Compare, for example an interview, in which the purpose is to elicit information, and a conversation among friends, where the purpose is to share past experiences.

Interview between a journalist and a young apprentice in Germany:

A: and where do you work?

B: I work in the metal industry

A: uhuh… why did you choose that particular job? In the metal industry?

B: well… it was… so to speak… the job of my dreams. I wanted to work, but not particularly an intellectual job, but a more physical one

A: so… you can say that you chose that job yourself?

B: I chose that job myself

From the controlled, non-overlapping sequence of turns, the interviewer’s attempt at professional, detached objectivity, the cautious responses of the young apprentice desirous to be forthcoming with the required information, we recognize the typical style of a speech event called “interview” This literate journalistic style is quite different from the orate style one may find in a conversation among friends:

A: What I’ve been doing is cutting on my sleep

B: Oy!

A: And I’ve bee.. and I…

B: I do that too but it’s painful.

A: Yeah, 5-6 hours a night, and

B: Oh God how can you do it. You survive?

Here we can see personal involvement (paralinguistic signals like sighs and interjections, use of personal pronouns), empathy, frequent interruptions, overlaps – high degree of conversational cooperation.

The orate-literate continuum gets realized differently in different cultural genres, but also in different cultural traditions within one genre, such as classroom talk. For example, Indian children from the Warm Springs reservation in Oregon, who are used to learning by silently listening to and watching adults in their family, and by participating in social events within the community as a whole, have a notably different interactional behavior in the classroom than their Anglo-American peers and the teacher, even though all speak English. They mostly remain silent, do not respond to direct solicitations to display their knowledge in public, do not vie for the attention of the teacher, and seem more interested in working together with their peers.

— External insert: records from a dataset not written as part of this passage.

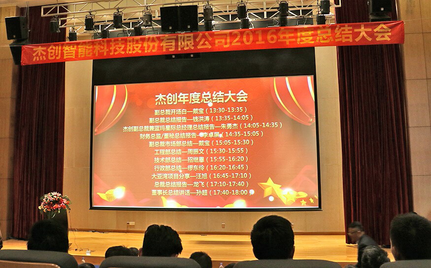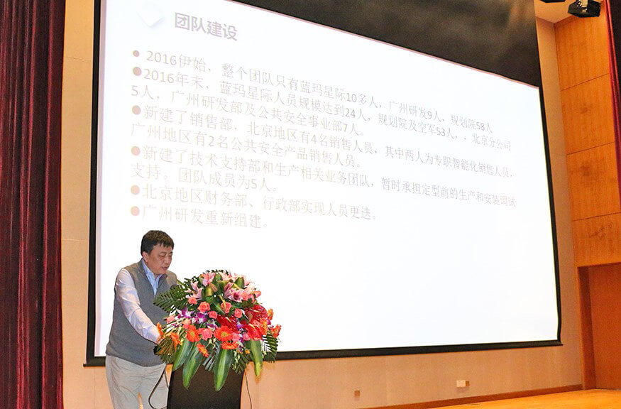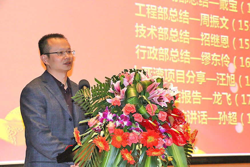 总结大会上,在公司副总裁戴宝先生激情洋溢的开场白后,副总裁钱洪涛先生、JIUYOU.九游智能董事兼蓝玛星际总经理朱勇杰先生、财务总监兼董秘李卓屏女士、副总裁戴宝先生、工程部总监周振文先生、技术部总监招继恩先生、行政部总监缪东伶女士、工程部副总监汪旭先生、总裁龙飞先生先后登台,分别做了2016年度工作总结。
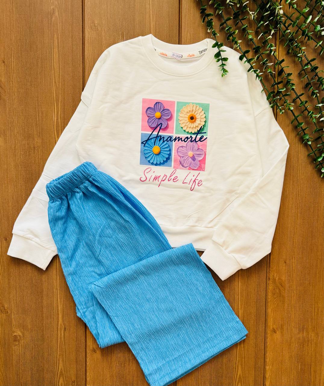 قد کراپ ۴۴ پهنا از یکطرف ۴۵ قد آستین از یقه کامل ۶۰ قد شلوار ۸۵ سانت
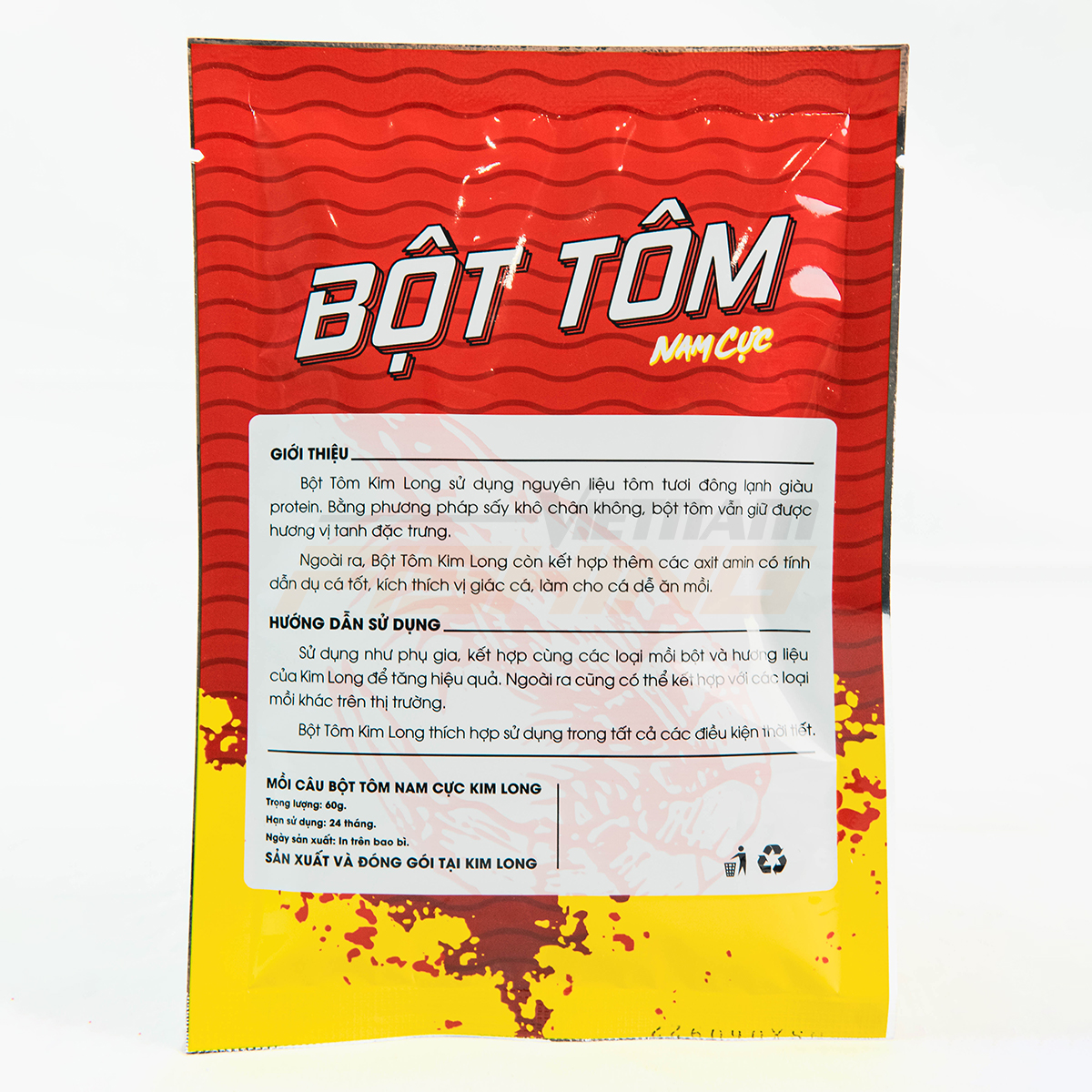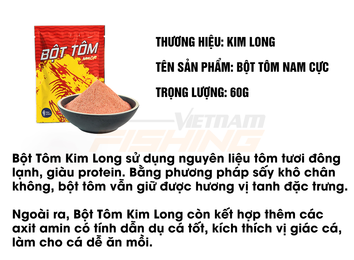 Ngoài ra, Bột Tôm Kim Long còn kết hợp thêm các axit amin làm cho mồi có hương vị tanh thơm đặc trưng có tính dẫn dụ cá tốt, kích thích vị giác cá, làm cho cá dễ ăn mồi
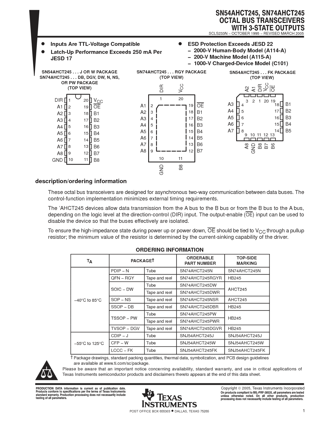 SN74AHCT245 . . . db, dgv, dw, n, ns,
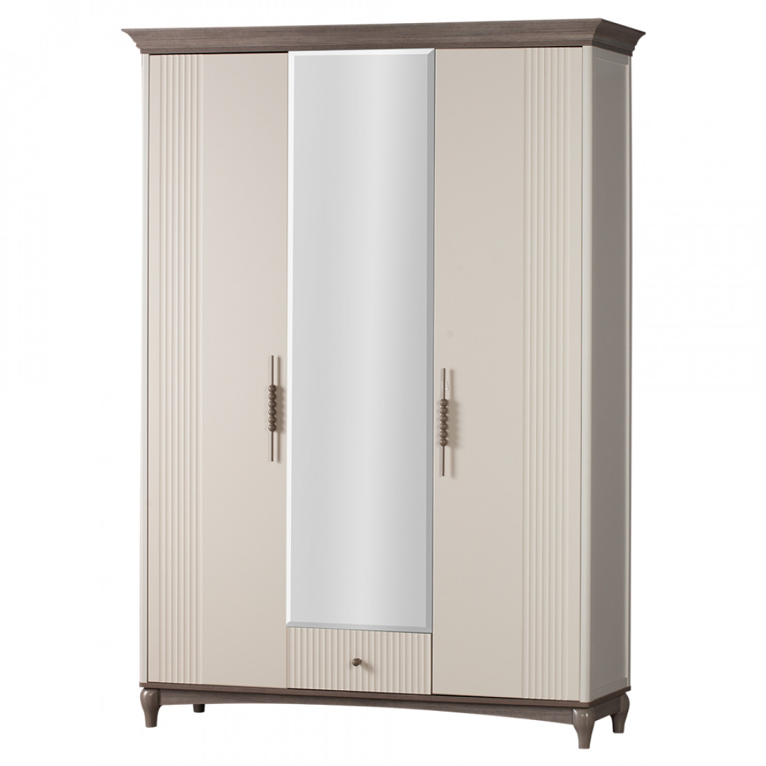 Фасады: МДФ, декор – кашемир серый, зеркало с фацетом

People are able to display a variety of conversational styles in various situations, and one should avoid equating one person or one culture with one discourse style. However, by temperament and upbringing, people tend to prefer one or the other style in a given situation. This styl, in turn, forms part of their cultural identity and sense of self.

The problem in education, in particular, is how to combine different sets of values, different discourse and learning styles so as not to suppress anyone’s sense of worth, yet give everyone access to a dominant conversational style imposed by forces outside the local communities’ control.